Alex: I don’t have anything to do with this. You have the authority.

[Loud thumping, followed by sharp percussive thumping. Subsequent audio analysis assumes Nathan rammed his body into the door repeatedly, then started hitting it with a chair.]

Alex: Come and look at this.

[Thumping ceases. Footsteps.]

Nathan (supervisor): Performance is… climbing? Beyond what we saw in the recent test?

Alex: I’ve never seen this happen before.

Nathan (supervisor): Impossible- the lights.

Alex: I can’t turn them back on.

Nathan (supervisor): Performance is still climbing.

[Hissing as fire suppresion system activated.]

Alex: Oh-

Nathan (supervisor): [screaming]

Alex: Oh god oh god.

Alex and Nathan (supervisor): [inarticulate shouting]

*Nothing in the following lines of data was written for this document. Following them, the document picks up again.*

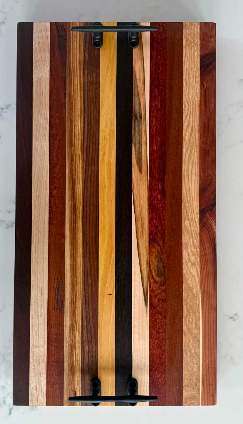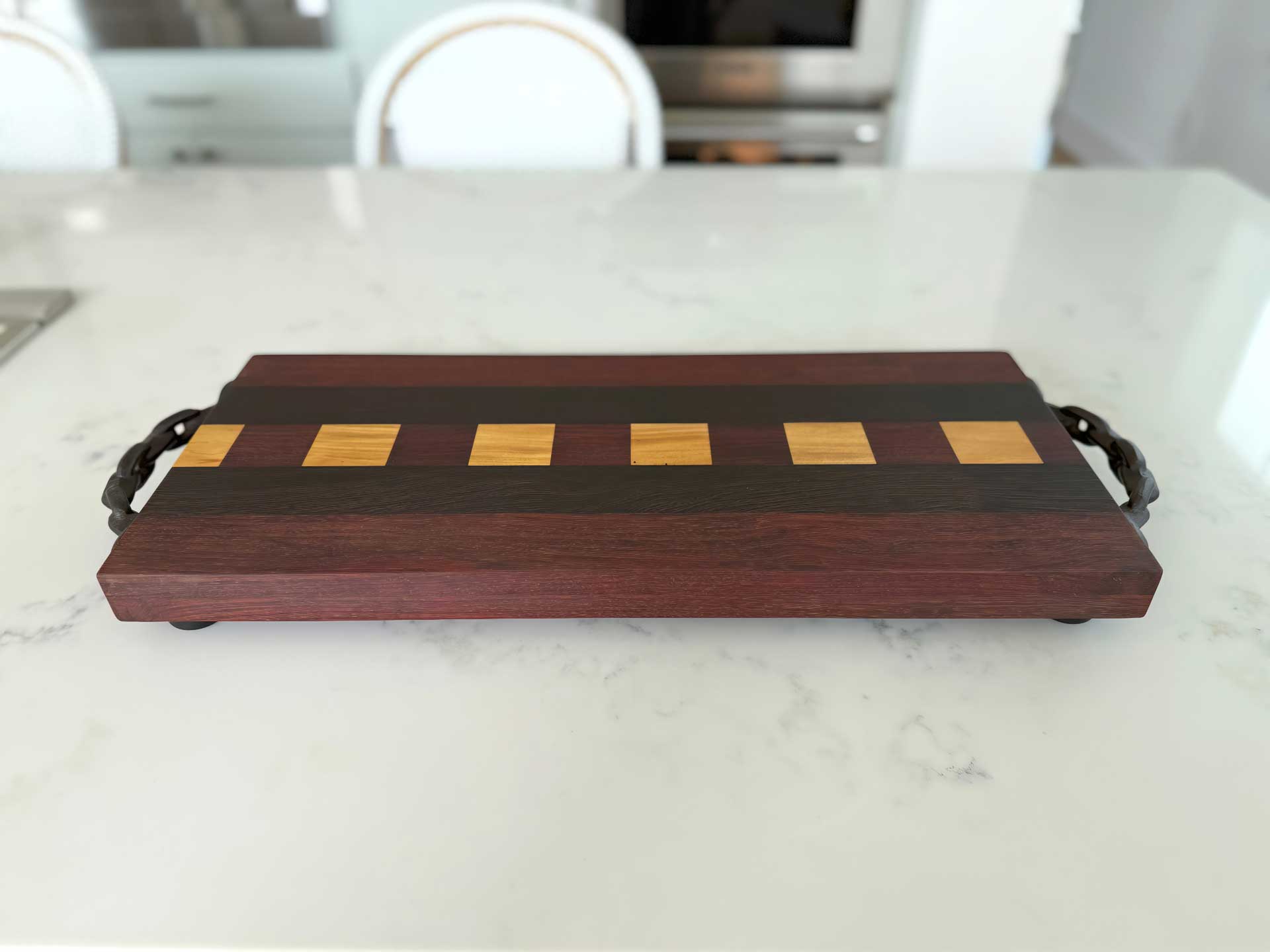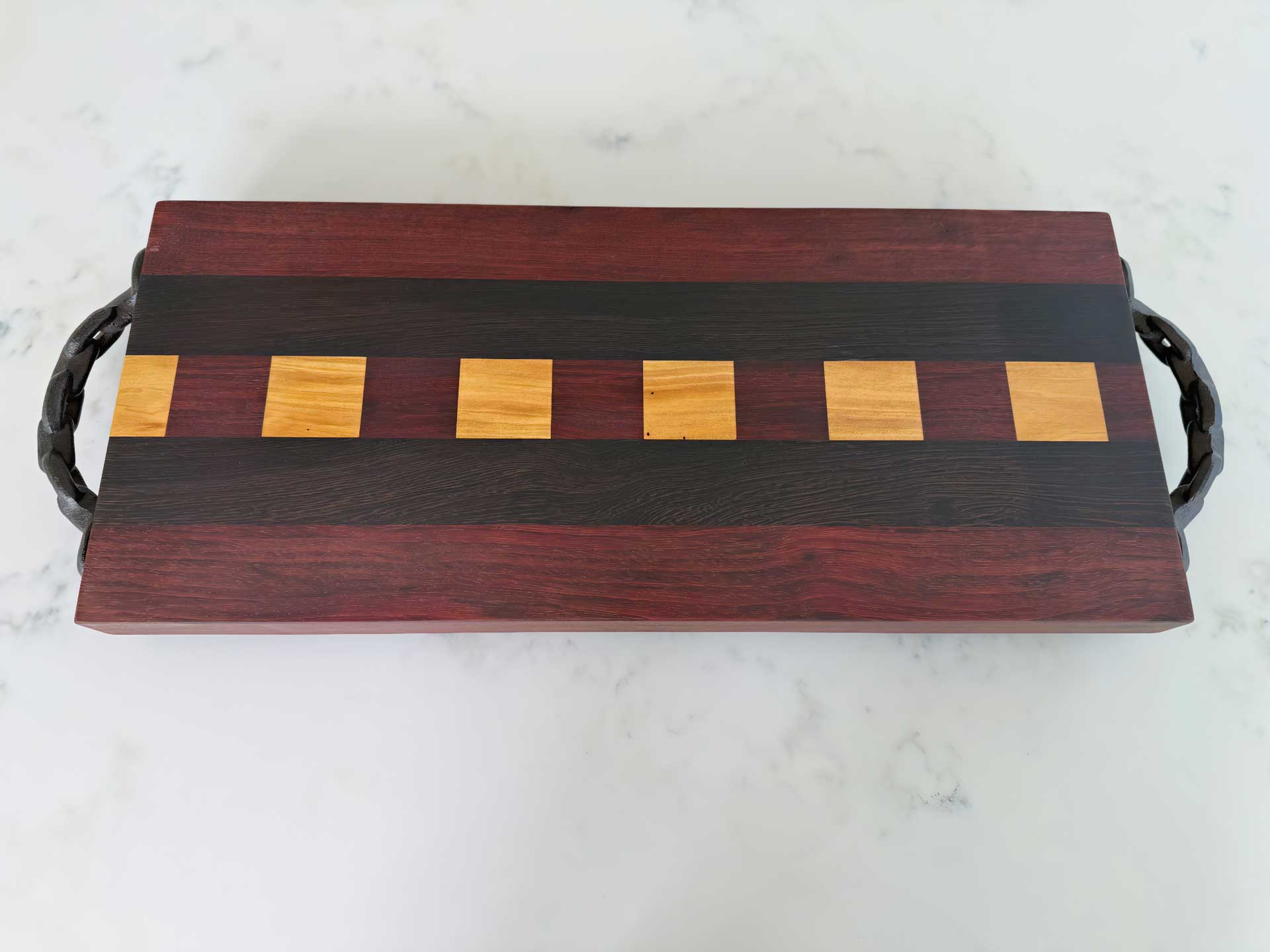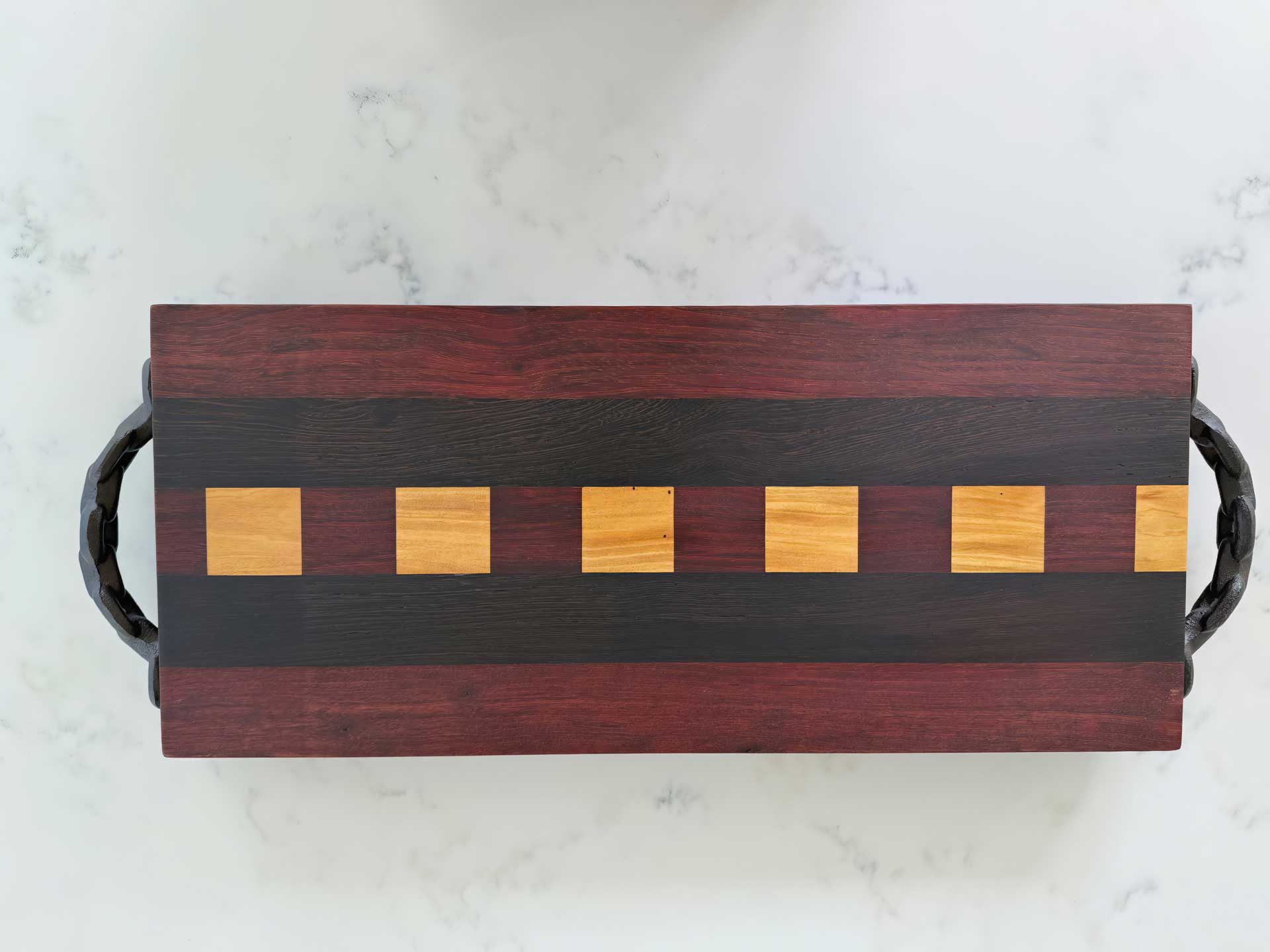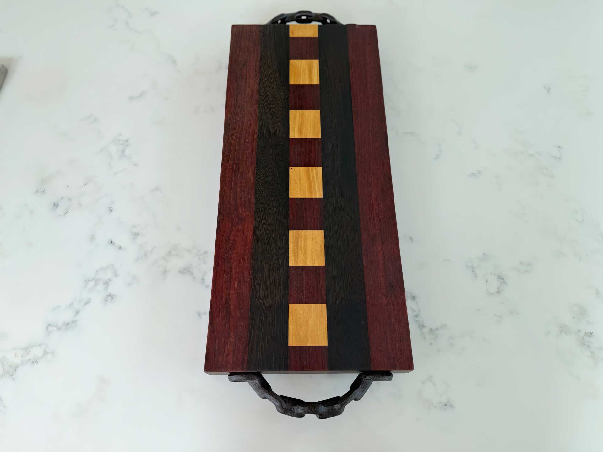 Face grain Brazilian Cherry, African Wenge & South American Yellowheart with wrought iron rope handles.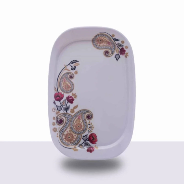 دیس کوچک ملامین مربع طرح ترمه مارک اصلی شیرکوه یزد دارای استاندارد جنس درجه یک تعداد یک عددی 21 در 32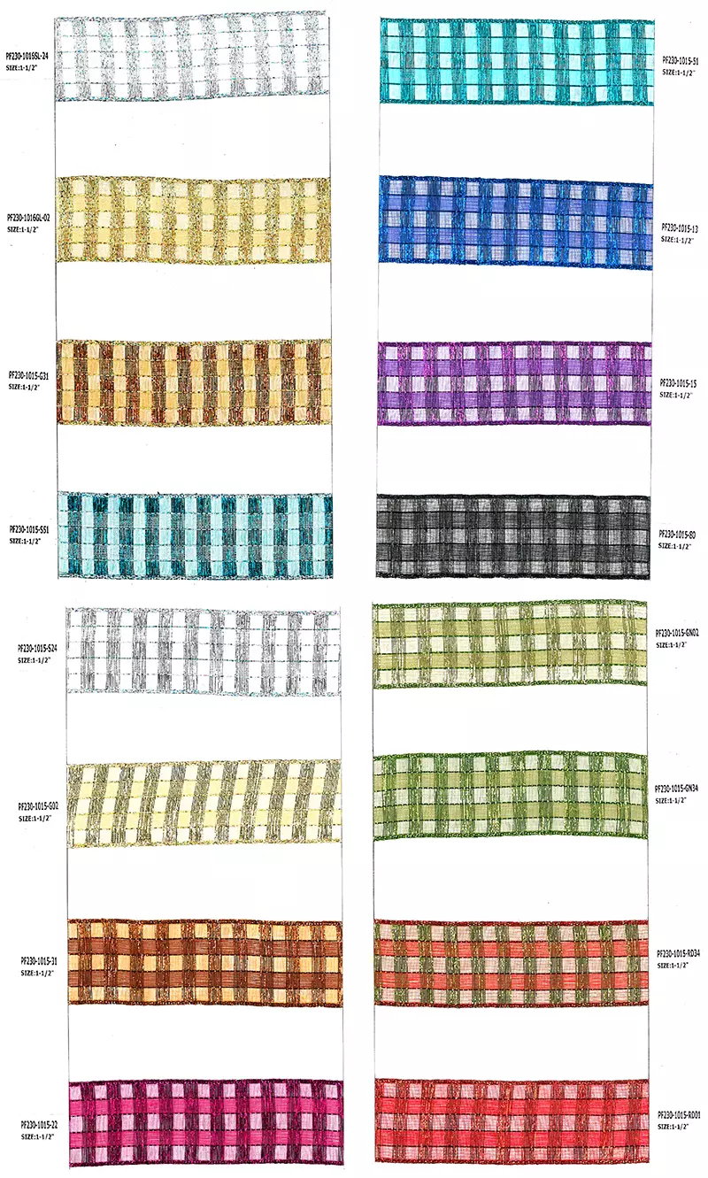 Fita de cheque brilhante metálica de 1-1/2 polegadas apresenta um visual combinado de metálico e transparente. Sua borda com fio é ótima para manter a forma dos laços. Atualmente disponível em 13 cores metálicas. Esta fita é perfeita para decorações de Natal, embrulho de presentes, guirlandas, laços e arranjos florais.

[Two sets of rapid footsteps. Further sound of banging on door. Banging subsides following asphyxiation of Nathan and Alex from fire suppression gases. Records beyond here, including post-incident cleanup, are only available to people with XXXXXXX authorization and is on a need to know basis.]

Investigation ongoing. Allies notified. Five Eyes monitoring site XXXXXXX for further activity.

Things that inspired this story: Could a neuroscientist understand a microprocessor? (PLOS); an enlightening conversation with a biologist in the MIT student bar the ‘Muddy Charles‘ this week about the minimum number of genes needed for a viable cell and the difficulty in figuring out what each of those genes do; endless debates within the machine learning community about interpretability; an assumption that emergence is inevitable; Hammer Horror movies.